Posted by Sean McCormack
September 26, 2007

I woke up this morning in New York to new headlines about the conduct of U.S. government security contractor Blackwater and the multiple investigations and reviews underway concerning their work in Iraq for the State Department. For those who have not followed the story closely, the recent round of stories dates to a September 16th incident in which a number of Iraqis, apparently including some innocent bystanders, died after a firefight involving Blackwater contractors in Baghdad while protecting U.S. employees working outside the international zone (the so-called "Green Zone"). There are conflicting accounts of how the firefight started, so we (the State Department) are now trying to piece together an account of what happened by interviewing as many witnesses as possible and collecting whatever other evidence may exist. Any next steps will depend on the outcome of the investigation, which our Embassy in Baghdad is conducting with the assistance of the U.S. military. We are also conducting a joint review of security contractor operations in Iraq in conjunction with the Iraqi government. In Washington, Secretary Rice launched an internal review of personal security contractor (the companies that protect our diplomats when they leave the Green Zone) operations in Iraq. Pat Kennedy, one of the Department's most experienced management officers and someone who has served in Baghdad, is heading up the review. I expect in the next day or so we will announce the names of some senior people from outside the Department to participate in the review. That leads me to one detail and one headline in today's Washington Post.

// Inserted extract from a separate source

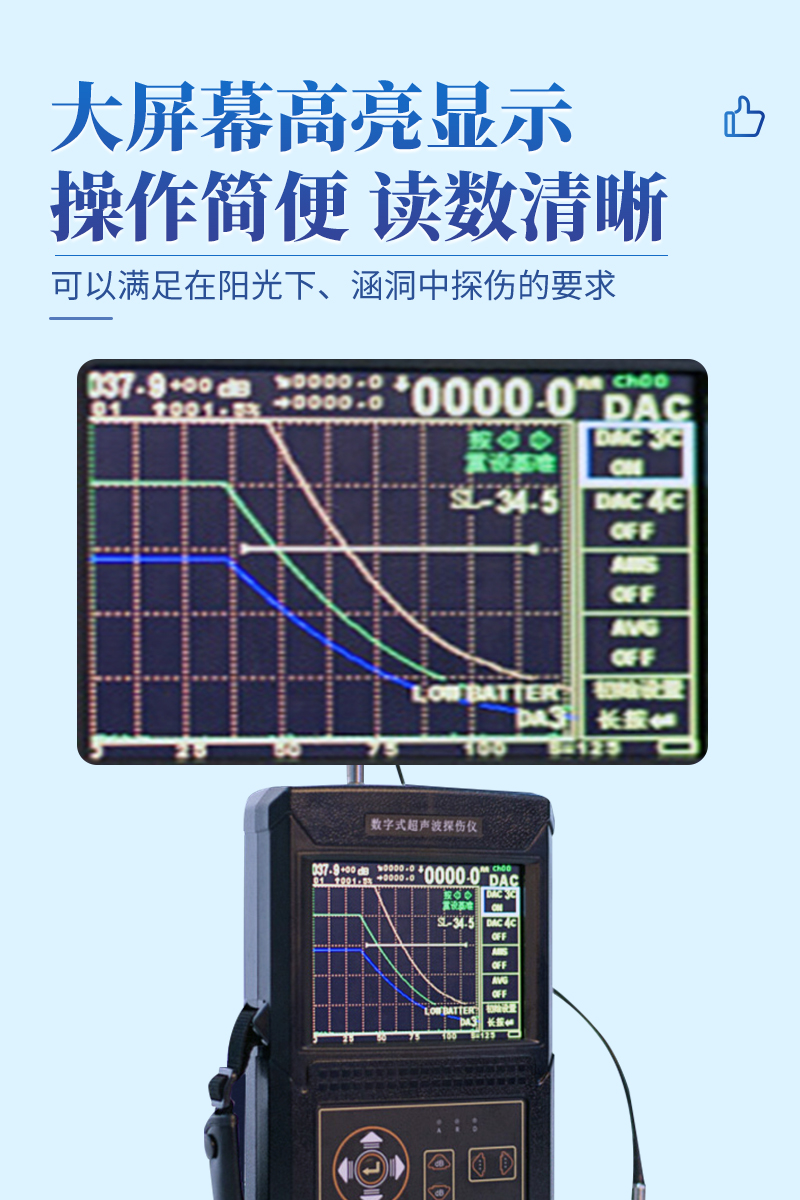 大屏幕高亮顯示,可以滿足在陽(yáng)光下、涵洞中探傷的要求。

Buried in a long front page story is an anonymous quote from a Pentagon source saying, "[w]e are making the State respond, conduct an investigation and come up with recommendations." I have no idea who the person is, but they could not be more wrong. First of all, any time there is an incident like what occurred on September 16th, our security personnel start an investigation. An investigation is part of our standard operating procedure. Second, Embassy Baghdad originated the idea of a joint commission with the Iraqi government to look into personal security contractor operations. Secretary Rice fully supported the Embassy initiative. Third, I can tell you first hand that Secretary Rice initiated the Washington-based review of how our personal security contractors operate in Iraq -- including among other issues the rules of engagement and the authorities under which they operate -- in a call to Deputy Secretary John Negroponte on the flight back from Tel Aviv last Thursday.

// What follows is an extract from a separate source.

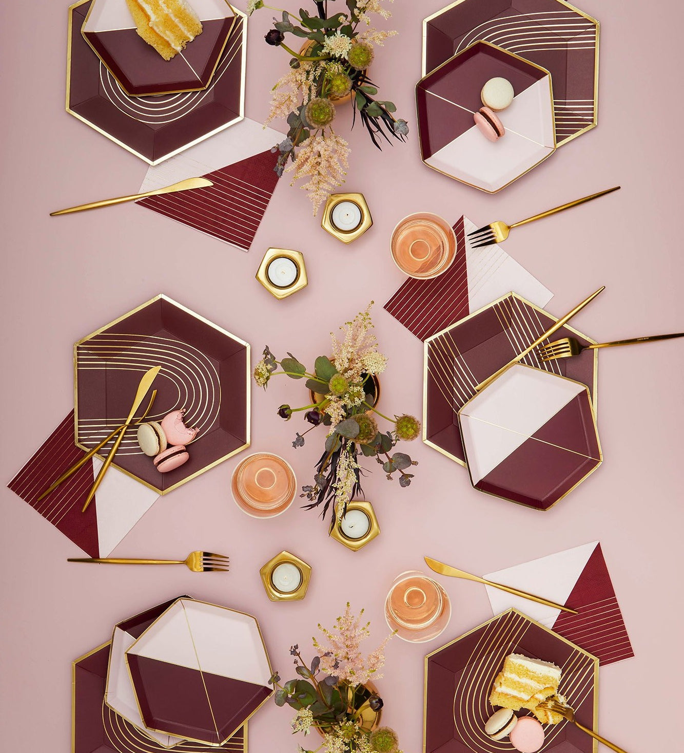 Our Bordeaux collection of party tableware effortlessly adds a touch of chic elegance to any event.

You can expect to hear more on the issues related to U.S. Government personal security contractor operations in Iraq in the days ahead, as Congress starts to look into the issue. I expect John Negroponte will field a fair number of questions on the topic today when he testifies about the State Department's supplemental budget requests before congressional committees responsible for appropriating funds to the State Department. Congressman Waxman, Chairman of the House Oversight and Government Reform Committee, also plans hearings on the issue. Secretary Rice made very clear to me this morning that she expects all State personnel and contractors, including Blackwater, to cooperate with requests on the personal security contractor issue by Chairman Waxman's committee. So, don't be fooled by the headline.

Comments

Comments

Tom
|
District Of Columbia, USA
September 26, 2007

Tom in Washington writes:
Had your administration listened to professionals in the first place, there would be no need for such an investigation. But the desire to keep the whole Iraq fiasco as benign as possible in the average citizen's eye led to too few troops, too little equipment, and no plan for the day when "major combat operations have ended."

John D.
|
Ethiopia
September 26, 2007

John writes:
It is not only investigation needed in this situation. A system by which to try security contractors is desperately needed. If they are not subject to Iraqi law, as they appear not to be, what law are they under? Are they to get a court-martial as if they were soldiers? A murder trial in U.S. court? Or will this just be an "investigation" with some classified briefing resulting from it? The American people at least need to know what the investigation found and how they found it.

Robin
|
Romania
September 26, 2007

Robin in Romania writes:
I have a clue of the outcome: Blackwater USA is not guilty of any wrongdoings. As a matter of fact, they responded to an attack!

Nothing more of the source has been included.